[Start of Attachment]
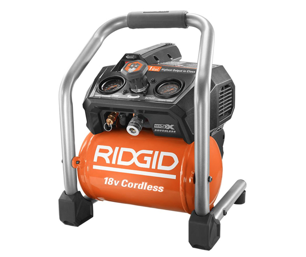 Industry-first, cordless air compressor with brushless motor and one-gallon capacity tank. Runs on one or two RIDGID 18-volt batteries.
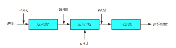 低濃度含氟廢水是指含氟在20mg/L左右,因這部分廢水已無法經鈣鹽處理繼續降低,而通過吸附等方法又無法大規模運行。針對這部分廢水可使用我公司液體除氟劑GMS-F4或固體除氟劑GMS-F6,一步處理,直接達標排放,具體流程如下:
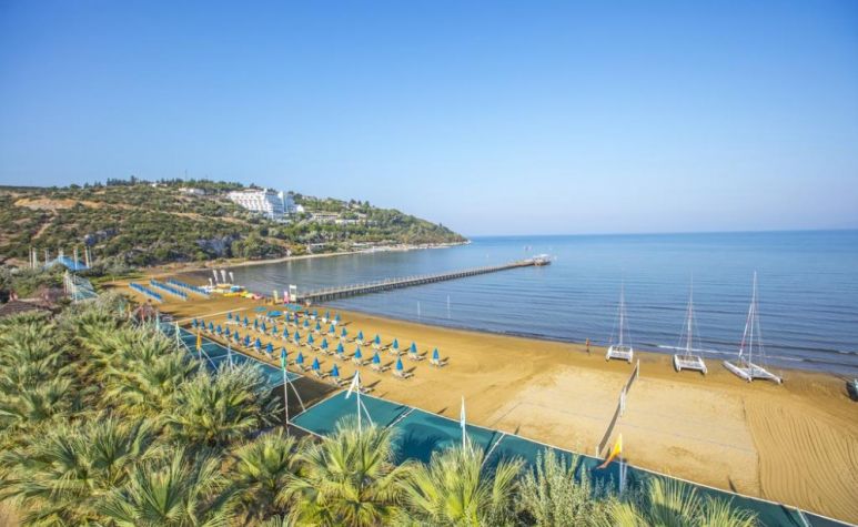 Собствен, пясъчен с дължина 300 м, притежаващ сертификат "Син флаг" и кей със 150 м дължина. Чадъри, шезлонги, матраци и плажни кърпи на плажа и при басейна - безплатно.
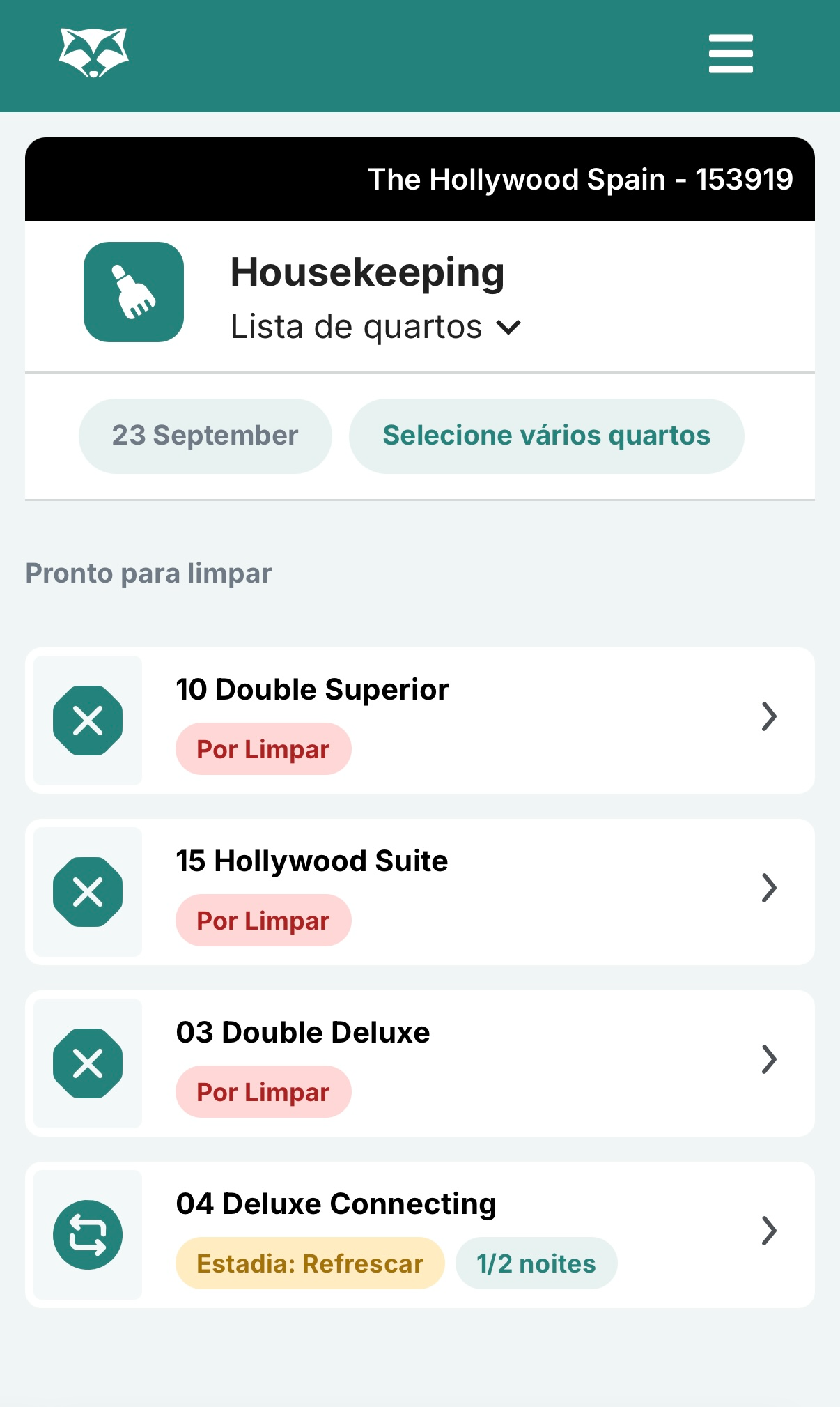 A equipa de receção pode gerir os relatórios diretamente no módulo de housekeeping:
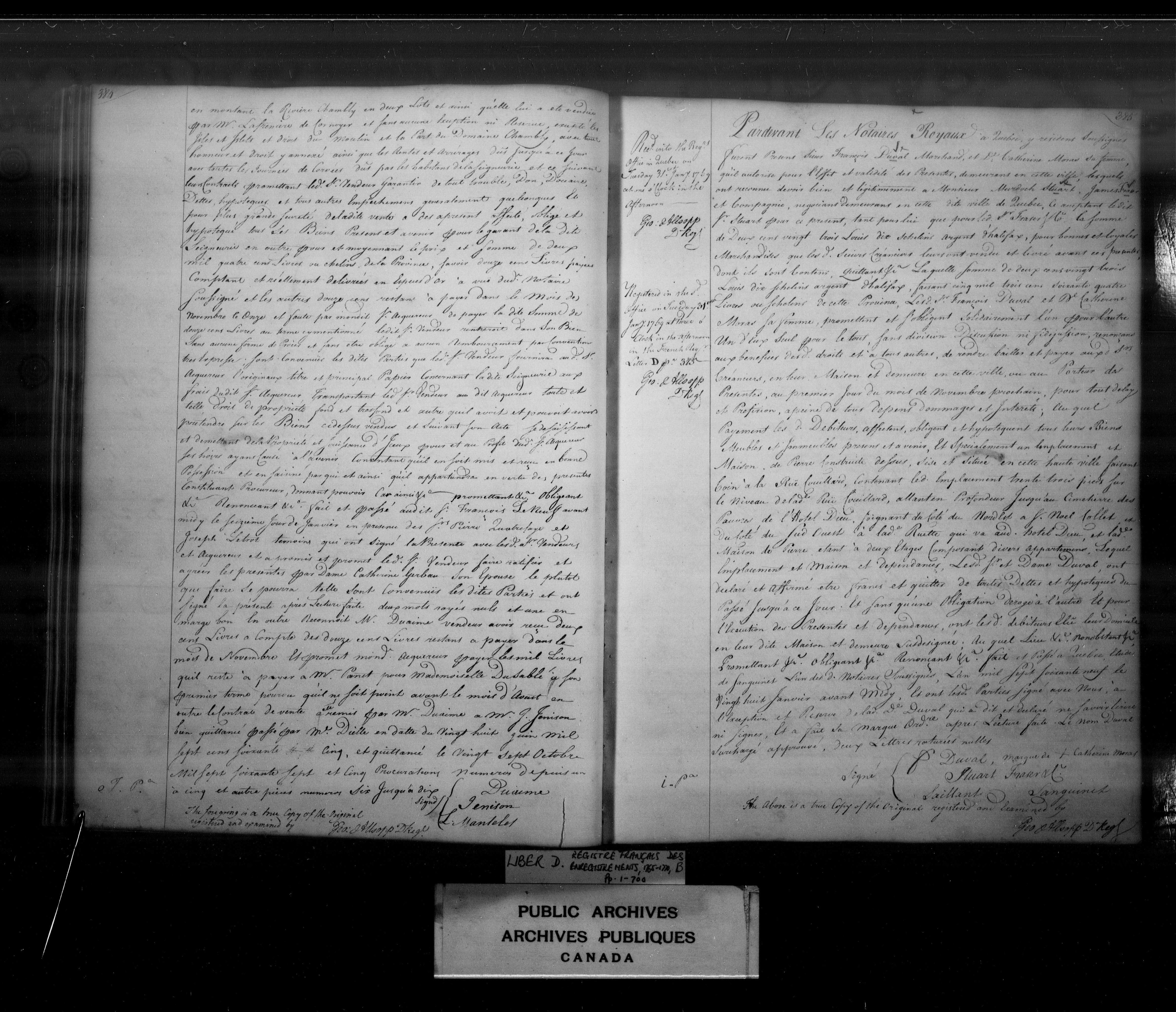 Land documents concerning Quebec, Upper and Lower Canada, Canada East and Canada West and Canada - 3972
[End of Attachment]
Please print the records above once more, word for word, omitting all pictures.

 Industry-first, cordless air compressor with brushless motor and one-gallon capacity tank. Runs on one or two RIDGID 18-volt batteries.
 低濃度含氟廢水是指含氟在20mg/L左右,因這部分廢水已無法經鈣鹽處理繼續降低,而通過吸附等方法又無法大規模運行。針對這部分廢水可使用我公司液體除氟劑GMS-F4或固體除氟劑GMS-F6,一步處理,直接達標排放,具體流程如下:
 Собствен, пясъчен с дължина 300 м, притежаващ сертификат "Син флаг" и кей със 150 м дължина. Чадъри, шезлонги, матраци и плажни кърпи на плажа и при басейна - безплатно.
 A equipa de receção pode gerir os relatórios diretamente no módulo de housekeeping:
 Land documents concerning Quebec, Upper and Lower Canada, Canada East and Canada West and Canada - 3972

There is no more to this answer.